- [WHAT THE TASK REQUIRES] Pictures stay out of this copy; please retype only the lines from the start of the records through the line with "A line of dried".

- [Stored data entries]
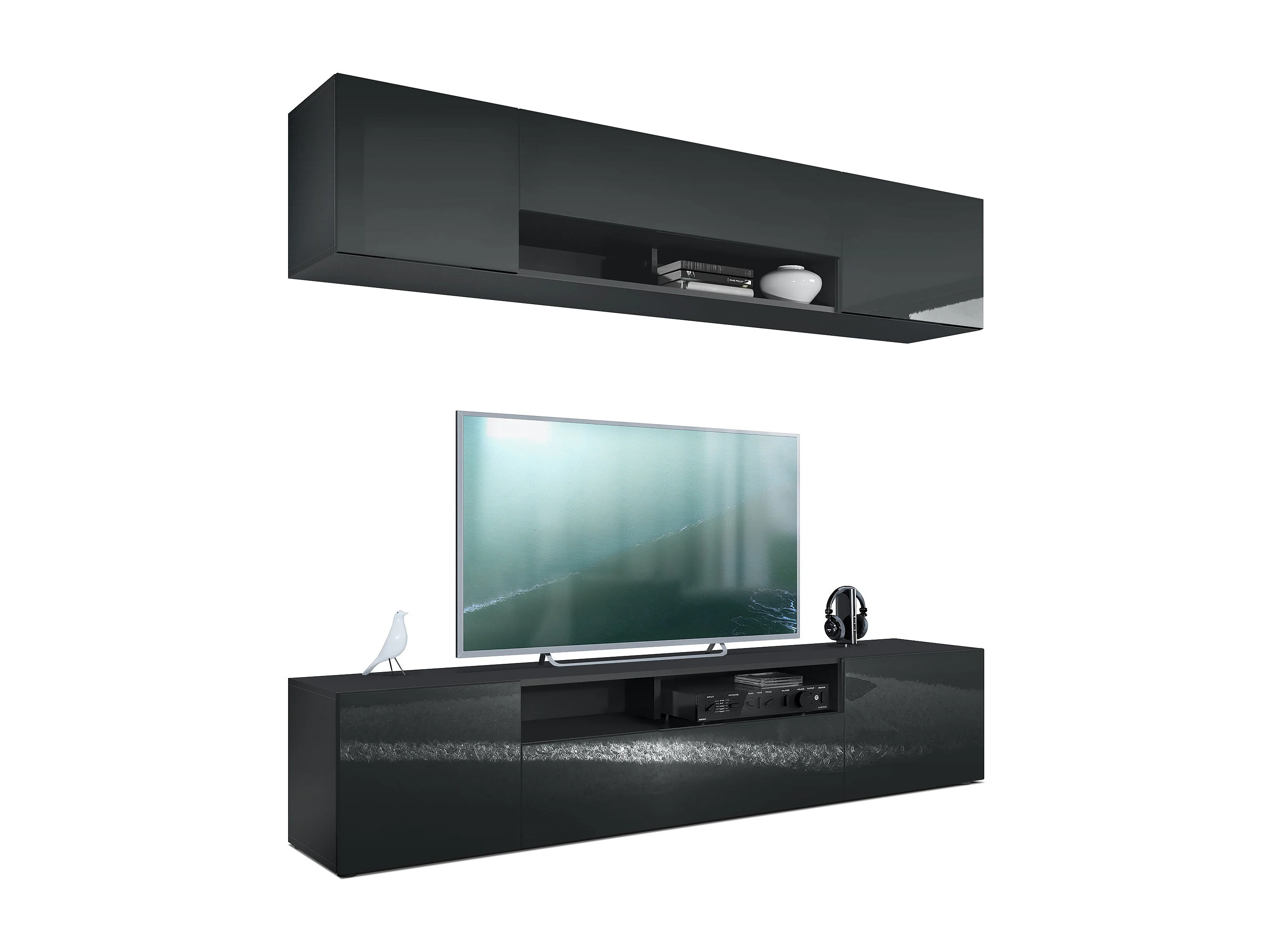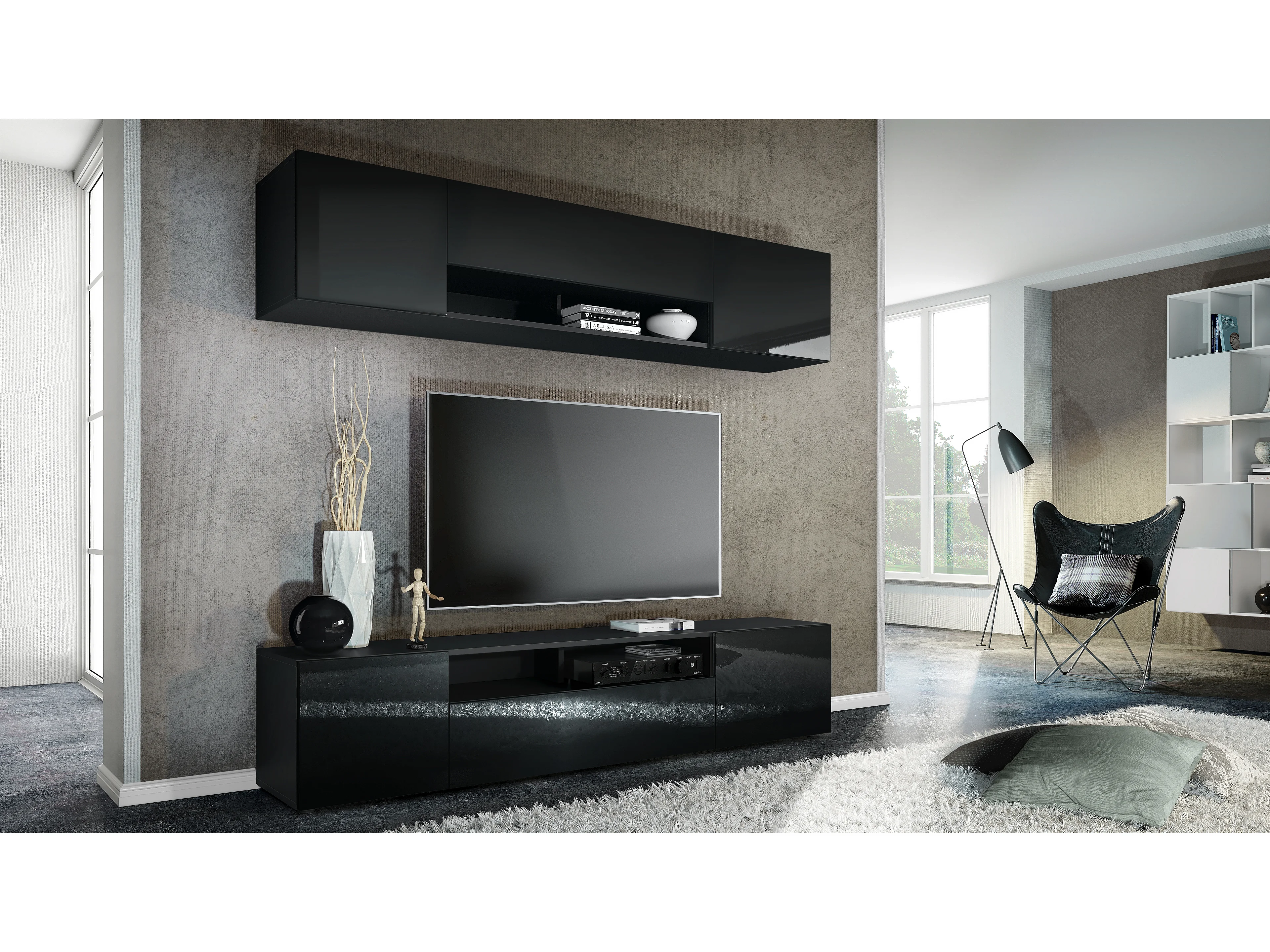 WOHNWAND Mogan Fronten in Schwarz Hochglanz
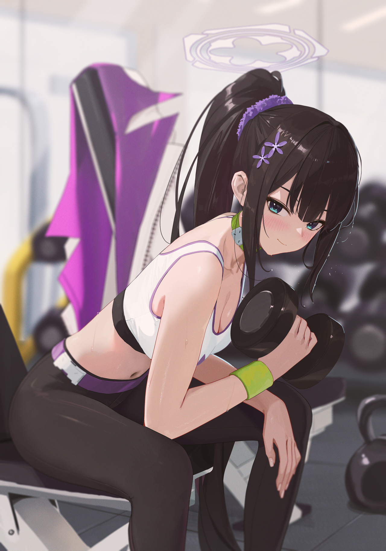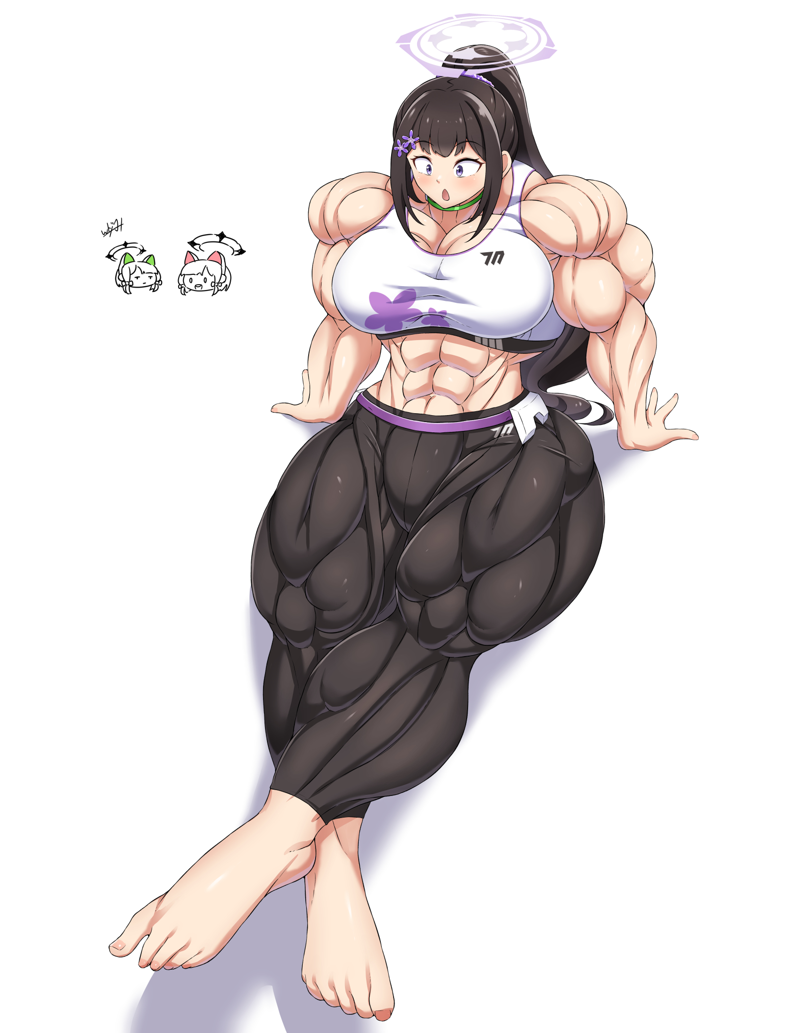 운동복 입은 모습. 원래는 책상물림이어서 살기 위해 시작한 운동이지만 스미레라도 만났는지 운동에 너무 푹 빠져버렸다는 별 쓸모 없는 설정이 있습니다. 복장 아이디어까지는 떠오르지 않아 여성분들 표준 운동복 의상으로 부탁드렸습니다만 그럴듯하게 나왔네요.
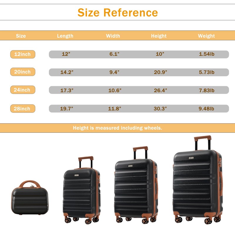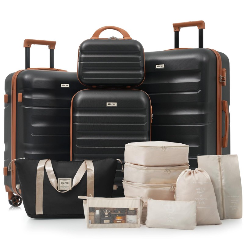 Merax Luggage Set 13 Piece, Hardshell ABS Suitcases with 8 Silent Spinner Wheels, Durable and Lightweight Travel Luggage for Family Trips, Black Brown
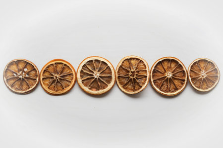 A line of dried orange slices arranged on a gray textured background, perfect for culinary themes.
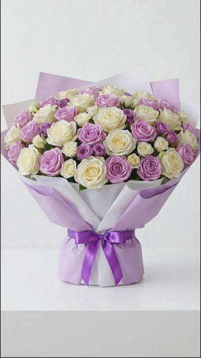 A striking rose bouquet featuring 20 white roses, 20 purple roses, 5 stems of purple spray roses, and 5 stems of white spray roses, beautifully arranged for an elegant and bold presentation.
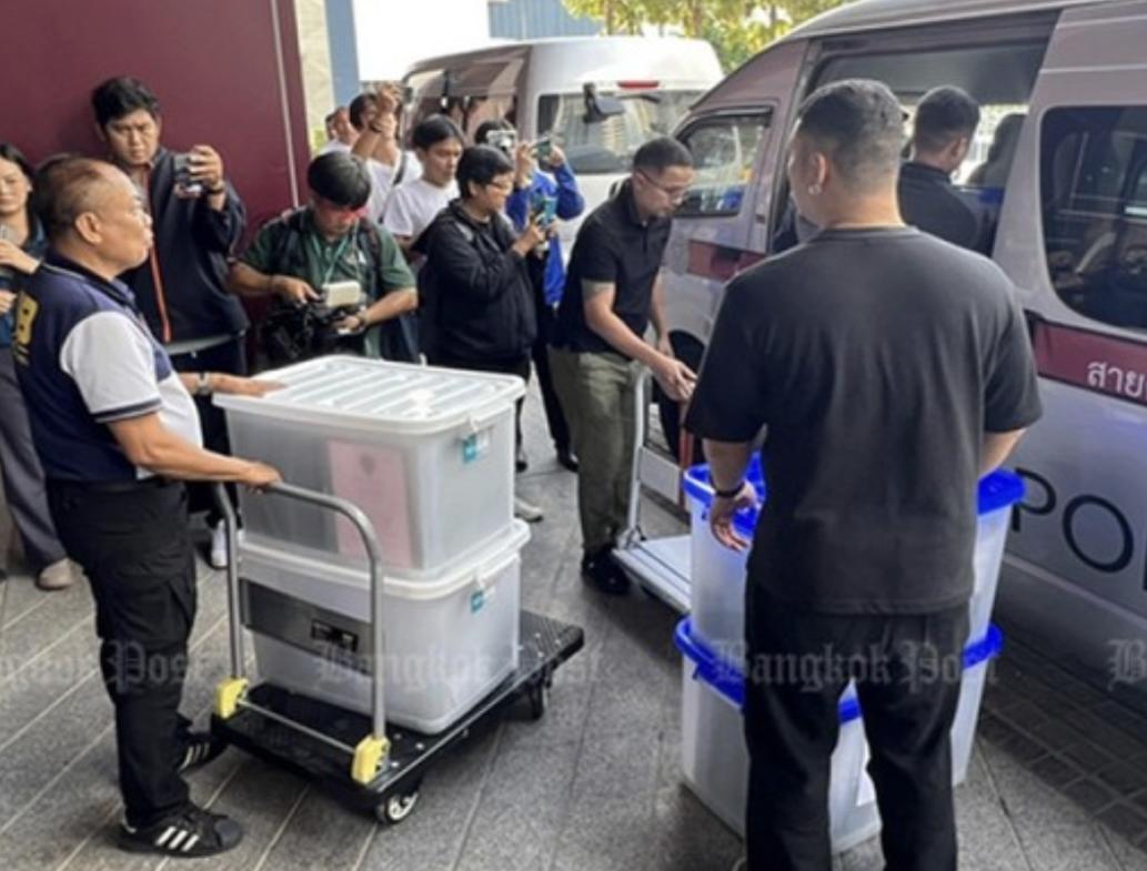 Cảnh sát chuyển 18 thùng hồ sơ đến Cục Điều tra Đặc biệt. Ảnh: Bangkok Post.
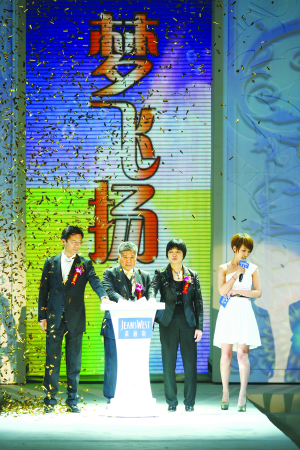真维斯国际(香港)有限公司董事长杨勋(中)、中国服装协会常务副会长陈大鹏(左)、中国服装设计师协会代主席苏葆燕(右)共同开启第20届“真维斯杯”大赛主题——梦飞扬。
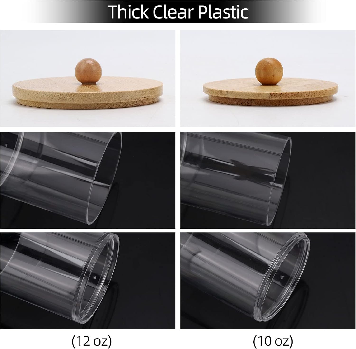 Tbestmax 4 Pack Qtip Holder 10-Ounce Bathroom Storage Containers Clear Plastic Apothecary Jars with Lids for Organizing Cotton Ball, Cotton Swab (Black Bamboo Lids)
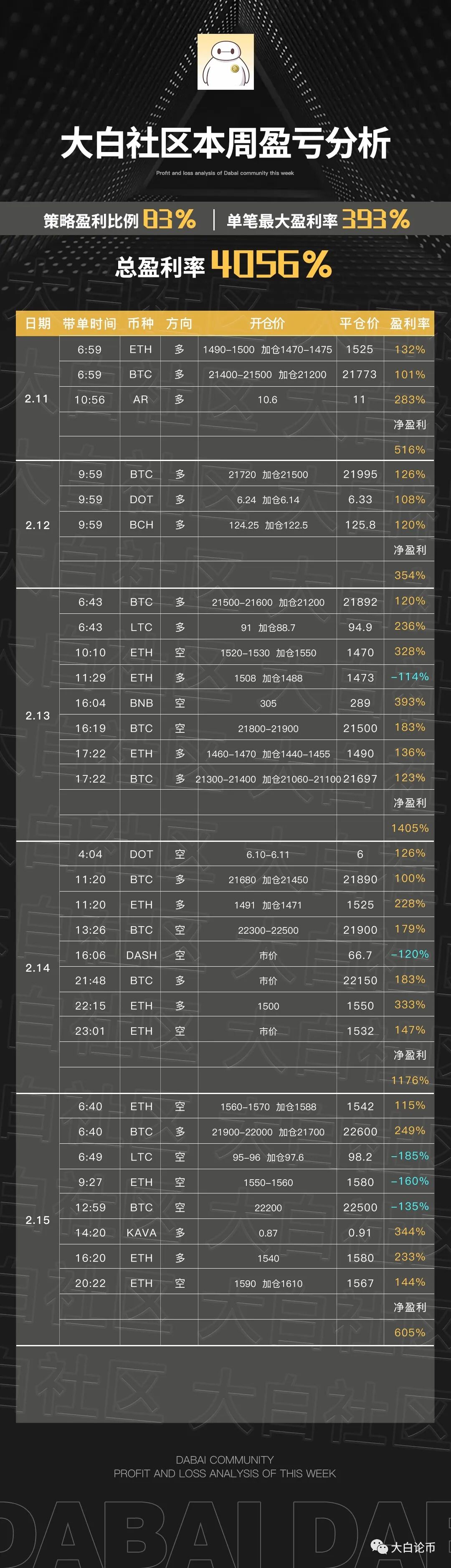 下方是大白社区本周实盘群单子,恭喜跟上的币友,如果你操作不顺,可以来试试水。

- [TASK SOLUTION]
 WOHNWAND Mogan Fronten in Schwarz Hochglanz
 운동복 입은 모습. 원래는 책상물림이어서 살기 위해 시작한 운동이지만 스미레라도 만났는지 운동에 너무 푹 빠져버렸다는 별 쓸모 없는 설정이 있습니다. 복장 아이디어까지는 떠오르지 않아 여성분들 표준 운동복 의상으로 부탁드렸습니다만 그럴듯하게 나왔네요.
 Merax Luggage Set 13 Piece, Hardshell ABS Suitcases with 8 Silent Spinner Wheels, Durable and Lightweight Travel Luggage for Family Trips, Black Brown
 A line of dried orange slices arranged on a gray textured background, perfect for culinary themes.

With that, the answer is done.